Cancer is classically modeled as a malignant transformation with genetic mutation of oncogenes or tumor suppressor genes driving uncontrolled cellular growth. However, epigenetic or even stochastic endogenous variations in the expression levels of these genes may be sufficient to disregulate proliferation and apoptosis pathways, and drive tumorigenesis. Thus, there may exist cancers whose origin and maintenance stem from non-genetic perturbations of normal pathways. In this project, we focus on Chronic Lymphocytic Leukemia (CLL), a lymphoproliferative disease characterized by the clonal expansion of mature B lymphocytes arrested in the G0/G1 phase of the cell cycle. To date, there is no known mutation conferring dominant-positive or dominant negative activities to signaling regulators that would account for the resistance to apoptosis and enhanced proliferation of B cells in CLL. Differential expression of signaling components (e.g. upregulation of CDS and ZAP70) is used to predict clinical prospects for CLL patients, but there is limited understanding of their relevance to the growth dysregulation and disease progression. The goal of this research project is to study the heterogeneity of B cell signaling sustaining proliferation and apoptosis in CLL. For that purpose, we will introduce a systems biology platform that combines theoretical modeling of B cell signaling (under activation by antigens, cytokines or others) with experimental measurements on single primary cells. More specifically, we plan to rely on the natural heterogeneity of B cells (in CLL patients or in healthy individuals), to map out the variability of CLL disease states. We will develop a theoretical biochemical model, to identify key signaling regulators in B cell signaling. We will also apply a new experimental methodology to correlate, at the single cell level, B cell responsiveness with expression levels of these key signaling regulators. Ultimately, we aim at introducing multivariate parameters of individual cells within a population (from markers to functional response) to better characterize CLL phenotypes and offer new therapeutic approaches taking into account the variability in CLL B cells.

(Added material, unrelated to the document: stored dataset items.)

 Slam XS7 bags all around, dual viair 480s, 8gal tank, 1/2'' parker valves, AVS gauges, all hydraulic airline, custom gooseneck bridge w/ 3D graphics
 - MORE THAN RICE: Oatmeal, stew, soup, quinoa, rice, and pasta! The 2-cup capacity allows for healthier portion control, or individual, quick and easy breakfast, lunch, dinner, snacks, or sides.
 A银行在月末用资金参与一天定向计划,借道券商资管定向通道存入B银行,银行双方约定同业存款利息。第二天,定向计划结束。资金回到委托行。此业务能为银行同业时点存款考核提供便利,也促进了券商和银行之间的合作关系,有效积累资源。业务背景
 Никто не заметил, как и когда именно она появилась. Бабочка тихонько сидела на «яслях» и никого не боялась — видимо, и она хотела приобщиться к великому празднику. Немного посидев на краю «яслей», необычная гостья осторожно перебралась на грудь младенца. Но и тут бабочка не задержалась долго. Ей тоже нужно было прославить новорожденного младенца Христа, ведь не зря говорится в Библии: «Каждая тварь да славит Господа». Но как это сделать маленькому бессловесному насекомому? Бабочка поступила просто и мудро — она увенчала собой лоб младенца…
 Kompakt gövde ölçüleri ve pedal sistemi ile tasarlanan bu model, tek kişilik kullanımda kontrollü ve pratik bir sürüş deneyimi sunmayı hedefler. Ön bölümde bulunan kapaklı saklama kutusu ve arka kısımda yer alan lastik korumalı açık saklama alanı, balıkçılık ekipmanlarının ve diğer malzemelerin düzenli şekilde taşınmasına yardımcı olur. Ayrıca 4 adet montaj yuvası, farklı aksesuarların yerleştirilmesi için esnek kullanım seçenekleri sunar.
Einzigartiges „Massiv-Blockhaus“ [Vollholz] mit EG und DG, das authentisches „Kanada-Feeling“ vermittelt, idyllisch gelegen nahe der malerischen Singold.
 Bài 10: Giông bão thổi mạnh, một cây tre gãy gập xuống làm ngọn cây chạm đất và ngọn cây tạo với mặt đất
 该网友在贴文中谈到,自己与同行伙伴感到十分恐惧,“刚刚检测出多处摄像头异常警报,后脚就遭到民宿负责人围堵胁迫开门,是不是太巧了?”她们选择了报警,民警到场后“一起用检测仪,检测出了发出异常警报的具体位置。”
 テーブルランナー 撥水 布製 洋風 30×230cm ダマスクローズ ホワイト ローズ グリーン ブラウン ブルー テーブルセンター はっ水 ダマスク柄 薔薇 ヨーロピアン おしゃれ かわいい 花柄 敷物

癌症通常被建模为癌基因或肿瘤抑制基因的基因突变驱动不受控制的细胞生长的恶性转化。然而，这些基因表达水平的表观遗传甚至随机内源性变化可能足以失调增殖和凋亡途径，并驱动肿瘤发生。因此，可能存在其起源和维持源于正常途径的非遗传扰动的癌症。 在这个项目中，我们重点关注慢性淋巴细胞白血病 (CLL)，这是一种淋巴组织增生性疾病，其特征是停滞在细胞周期 G0/G1 期的成熟 B 淋巴细胞的克隆性扩张。迄今为止，尚无已知的突变赋予信号调节因子显性阳性或显性阴性活性，从而解释 CLL 中 B 细胞对细胞凋亡的抵抗和增殖的增强。信号成分的差异表达（例如 CDS 和 ZAP70 的上调）用于预测 CLL 患者的临床前景，但对其与生长失调和疾病进展的相关性了解有限。 该研究项目的目标是研究 CLL 中维持增殖和凋亡的 B 细胞信号传导的异质性。为此，我们将引入一个系统生物学平台，该平台将 B 细胞信号传导（在抗原、细胞因子或其他物质激活下）的理论模型与单个原代细胞的实验测量相结合。更具体地说，我们计划依靠 B 细胞（CLL 患者或健康个体）的自然异质性来绘制 CLL 疾病状态的变异性。我们将开发一个理论生化模型，以确定 B 细胞信号传导中的关键信号调节因子。我们还将应用一种新的实验方法，在单细胞水平上将 B 细胞反应性与这些关键信号调节因子的表达水平相关联。最终，我们的目标是引入群体内单个细胞的多变量参数（从标记物到功能反应），以更好地表征 CLL 表型，并考虑 CLL B 细胞的变异性提供新的治疗方法。